Bunny, who had leaned close to eavesdrop, stepped back and looked at Top. “What the fuck is going on here?”

“I don’t know, Farmboy, but the man said to get our asses into the wind, so let’s boogie.”

Bunny lingered for one moment longer, first looking at the bodies sprawled in the motel room and then turning to gaze at the smears of blood where Big Bob had gone down.

“Son of a bitch must pay,” Bunny said.

Top nodded. “Hooah.”

Then they were gone.

Chapter Fourteen

Cotonou, Benin

Six days ago

Dr. Arjeta Hlasek sat back in her chair, her pointed chin resting on the tips of steepled fingers. Her expression was a patchwork of doubt, concern, and alarm. The two doctors who sat on the other side of her desk looked road worn and deeply stressed, their eyes hollow with exhaustion. Both of them sat straight in their chairs, their hands fidgeting on the stacks of test results and lab reports they each had on their laps.

“I… don’t know what to say,” began Dr. Hlasek. “This is disturbing to say the least, but what you’re describing… Well, I don’t know.”

The younger of her visitors, Dr. Rina Panjay, leaned forward, her voice low and urgent. “Dr. Hlasek… we’ve done the tests. We’ve had blind verification from two separate labs, and they verify what our own tests show.”

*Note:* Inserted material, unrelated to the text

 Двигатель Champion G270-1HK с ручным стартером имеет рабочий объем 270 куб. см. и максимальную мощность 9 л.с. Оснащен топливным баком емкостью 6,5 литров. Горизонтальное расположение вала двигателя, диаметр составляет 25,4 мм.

“She’s right, Arjeta,” agreed Thomas Smithwick. “And I can understand your hesitation. I didn’t believe it, either, when Rina first told me. I ran every kind of test I could think of-most of them several times. The lab work doesn’t even vary; it’s not like there’s a margin for error here.”

“But,” Dr. Hlasek said, half-smiling, “a genetic disease that has mysteriously mutated into a waterborne pathogen? There’s no precedent for something like this.”

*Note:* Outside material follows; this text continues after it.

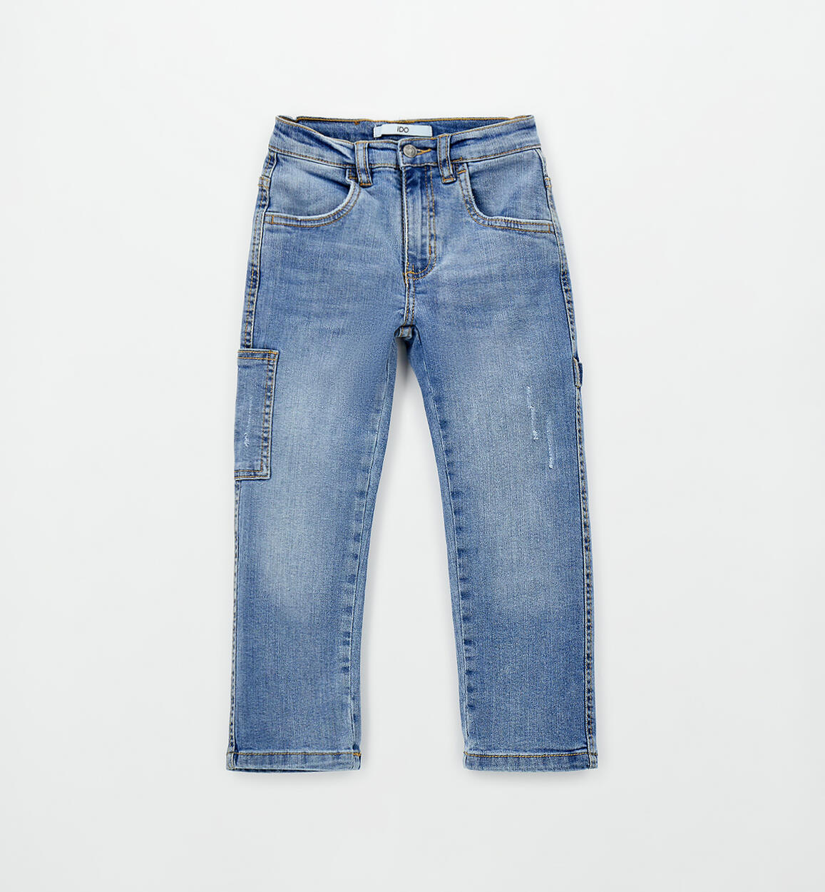 Long stretch cotton denim trousers for children by iDO. Straight fit. Zip and button fastening. Light distressing. Side pocket. Adjustable waist with internal elasticated drawstring. By choosing our cotton products, you are supporting iDO's commitment to the Better Cotton Initiative. This product is supplied through a mass balance system and may not contain Better Cotton. Read more at bettercotton.org/massbalance

Smithwick paused, then said, “There wouldn’t be… not outside of a biological warfare facility.”

“You think that’s what you’ve found? A new bioweapon that somehow escaped quarantine and has gotten into the water supply in Ouémé? That’s a lot to swallow, Thomas. Who would do such a thing? Moreover, who would fund research of that kind? It’s absurd; it’s fantasy.”